== TASK TO COMPLETE ==
The answer must consist of every line from the data that holds "Large".

== DATASET EXTRACT ==
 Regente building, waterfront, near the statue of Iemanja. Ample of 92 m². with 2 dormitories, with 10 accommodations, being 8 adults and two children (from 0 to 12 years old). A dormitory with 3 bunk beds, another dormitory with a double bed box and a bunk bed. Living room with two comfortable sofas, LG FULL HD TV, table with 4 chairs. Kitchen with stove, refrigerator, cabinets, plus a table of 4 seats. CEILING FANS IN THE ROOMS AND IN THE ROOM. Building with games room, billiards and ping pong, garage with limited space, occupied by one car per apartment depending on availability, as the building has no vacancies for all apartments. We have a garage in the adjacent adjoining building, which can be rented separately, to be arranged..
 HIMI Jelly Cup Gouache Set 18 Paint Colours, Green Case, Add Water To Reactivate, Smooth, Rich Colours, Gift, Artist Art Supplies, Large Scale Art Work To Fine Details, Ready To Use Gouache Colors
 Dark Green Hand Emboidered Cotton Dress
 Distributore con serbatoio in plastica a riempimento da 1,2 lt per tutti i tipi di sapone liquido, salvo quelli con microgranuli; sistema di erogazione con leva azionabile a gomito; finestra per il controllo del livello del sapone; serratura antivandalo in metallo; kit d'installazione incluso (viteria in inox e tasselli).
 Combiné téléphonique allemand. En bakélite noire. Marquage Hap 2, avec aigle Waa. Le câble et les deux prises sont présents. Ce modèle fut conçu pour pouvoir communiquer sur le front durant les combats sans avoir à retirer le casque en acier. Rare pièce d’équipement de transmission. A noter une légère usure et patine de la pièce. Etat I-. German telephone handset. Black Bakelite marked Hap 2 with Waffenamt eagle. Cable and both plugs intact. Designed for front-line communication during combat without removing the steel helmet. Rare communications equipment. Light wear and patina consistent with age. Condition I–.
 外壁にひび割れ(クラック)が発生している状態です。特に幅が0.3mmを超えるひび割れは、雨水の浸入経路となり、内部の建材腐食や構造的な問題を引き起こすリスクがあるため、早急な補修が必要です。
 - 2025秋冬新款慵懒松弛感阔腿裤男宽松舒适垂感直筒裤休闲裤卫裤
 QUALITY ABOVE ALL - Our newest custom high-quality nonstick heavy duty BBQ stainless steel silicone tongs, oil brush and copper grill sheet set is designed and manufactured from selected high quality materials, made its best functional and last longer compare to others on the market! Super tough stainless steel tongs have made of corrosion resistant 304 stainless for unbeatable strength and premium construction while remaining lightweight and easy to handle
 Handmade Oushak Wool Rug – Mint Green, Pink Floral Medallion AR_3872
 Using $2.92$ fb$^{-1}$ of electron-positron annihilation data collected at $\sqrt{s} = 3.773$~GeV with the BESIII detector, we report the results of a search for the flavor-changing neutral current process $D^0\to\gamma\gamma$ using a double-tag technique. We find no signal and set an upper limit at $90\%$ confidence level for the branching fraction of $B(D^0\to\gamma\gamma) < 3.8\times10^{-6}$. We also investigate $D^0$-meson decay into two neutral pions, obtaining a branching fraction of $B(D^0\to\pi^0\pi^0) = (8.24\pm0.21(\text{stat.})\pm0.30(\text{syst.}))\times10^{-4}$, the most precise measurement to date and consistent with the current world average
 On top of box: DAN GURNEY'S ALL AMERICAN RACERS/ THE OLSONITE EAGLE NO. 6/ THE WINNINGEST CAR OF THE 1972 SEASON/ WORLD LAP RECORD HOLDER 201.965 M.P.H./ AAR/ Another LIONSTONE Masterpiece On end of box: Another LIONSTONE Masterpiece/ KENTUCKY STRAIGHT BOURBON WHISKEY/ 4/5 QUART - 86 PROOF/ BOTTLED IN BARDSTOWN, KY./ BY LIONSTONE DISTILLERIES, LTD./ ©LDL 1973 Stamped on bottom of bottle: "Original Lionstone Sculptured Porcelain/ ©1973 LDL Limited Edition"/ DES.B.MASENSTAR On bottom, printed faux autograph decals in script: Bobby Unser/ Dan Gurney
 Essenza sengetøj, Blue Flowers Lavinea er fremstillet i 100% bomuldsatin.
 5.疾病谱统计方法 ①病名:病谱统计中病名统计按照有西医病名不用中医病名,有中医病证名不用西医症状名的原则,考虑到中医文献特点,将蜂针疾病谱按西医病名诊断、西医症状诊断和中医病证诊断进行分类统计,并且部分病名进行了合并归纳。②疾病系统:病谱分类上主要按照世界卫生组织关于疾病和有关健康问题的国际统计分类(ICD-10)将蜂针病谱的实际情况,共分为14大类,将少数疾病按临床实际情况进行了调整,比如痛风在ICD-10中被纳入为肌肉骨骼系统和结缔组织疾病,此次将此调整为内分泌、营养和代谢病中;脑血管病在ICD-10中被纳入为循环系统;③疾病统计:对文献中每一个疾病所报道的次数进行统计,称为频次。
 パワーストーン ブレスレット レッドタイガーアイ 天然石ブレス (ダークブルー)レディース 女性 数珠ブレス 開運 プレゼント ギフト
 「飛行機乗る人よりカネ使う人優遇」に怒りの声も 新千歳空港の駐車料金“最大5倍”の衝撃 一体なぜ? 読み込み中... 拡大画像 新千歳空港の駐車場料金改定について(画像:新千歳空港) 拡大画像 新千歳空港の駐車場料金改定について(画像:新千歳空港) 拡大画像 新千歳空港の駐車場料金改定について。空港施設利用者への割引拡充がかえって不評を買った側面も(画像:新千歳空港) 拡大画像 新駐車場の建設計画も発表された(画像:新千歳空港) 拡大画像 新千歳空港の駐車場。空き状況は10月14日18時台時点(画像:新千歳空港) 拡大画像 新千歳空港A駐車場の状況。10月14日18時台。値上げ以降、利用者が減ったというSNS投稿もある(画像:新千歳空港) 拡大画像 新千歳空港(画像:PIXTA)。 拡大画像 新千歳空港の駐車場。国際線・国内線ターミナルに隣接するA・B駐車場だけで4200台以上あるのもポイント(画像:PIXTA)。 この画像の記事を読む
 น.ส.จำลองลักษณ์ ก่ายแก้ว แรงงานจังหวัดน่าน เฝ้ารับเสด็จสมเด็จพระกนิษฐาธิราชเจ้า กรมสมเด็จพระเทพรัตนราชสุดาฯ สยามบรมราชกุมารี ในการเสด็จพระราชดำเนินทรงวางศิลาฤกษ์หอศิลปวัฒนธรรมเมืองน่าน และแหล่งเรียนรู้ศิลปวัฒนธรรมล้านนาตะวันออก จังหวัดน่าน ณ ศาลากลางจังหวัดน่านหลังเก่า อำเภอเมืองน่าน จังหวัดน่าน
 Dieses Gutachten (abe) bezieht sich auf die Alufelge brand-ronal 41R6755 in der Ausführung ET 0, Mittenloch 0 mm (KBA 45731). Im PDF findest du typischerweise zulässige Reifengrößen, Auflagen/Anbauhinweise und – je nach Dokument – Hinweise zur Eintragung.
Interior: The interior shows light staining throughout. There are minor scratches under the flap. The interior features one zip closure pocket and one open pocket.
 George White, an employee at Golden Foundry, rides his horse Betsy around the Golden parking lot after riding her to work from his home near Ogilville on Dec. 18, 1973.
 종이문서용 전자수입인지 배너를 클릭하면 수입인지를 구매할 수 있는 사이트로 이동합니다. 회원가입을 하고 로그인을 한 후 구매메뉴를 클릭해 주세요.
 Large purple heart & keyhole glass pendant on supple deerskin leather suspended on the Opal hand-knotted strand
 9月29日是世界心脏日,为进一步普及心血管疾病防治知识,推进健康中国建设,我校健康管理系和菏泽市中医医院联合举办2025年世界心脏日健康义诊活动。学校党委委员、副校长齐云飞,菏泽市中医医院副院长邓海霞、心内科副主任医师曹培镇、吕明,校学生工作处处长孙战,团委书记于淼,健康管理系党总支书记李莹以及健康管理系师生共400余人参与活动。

== YOUR RESPONSE ==
 HIMI Jelly Cup Gouache Set 18 Paint Colours, Green Case, Add Water To Reactivate, Smooth, Rich Colours, Gift, Artist Art Supplies, Large Scale Art Work To Fine Details, Ready To Use Gouache Colors
 Large purple heart & keyhole glass pendant on supple deerskin leather suspended on the Opal hand-knotted strand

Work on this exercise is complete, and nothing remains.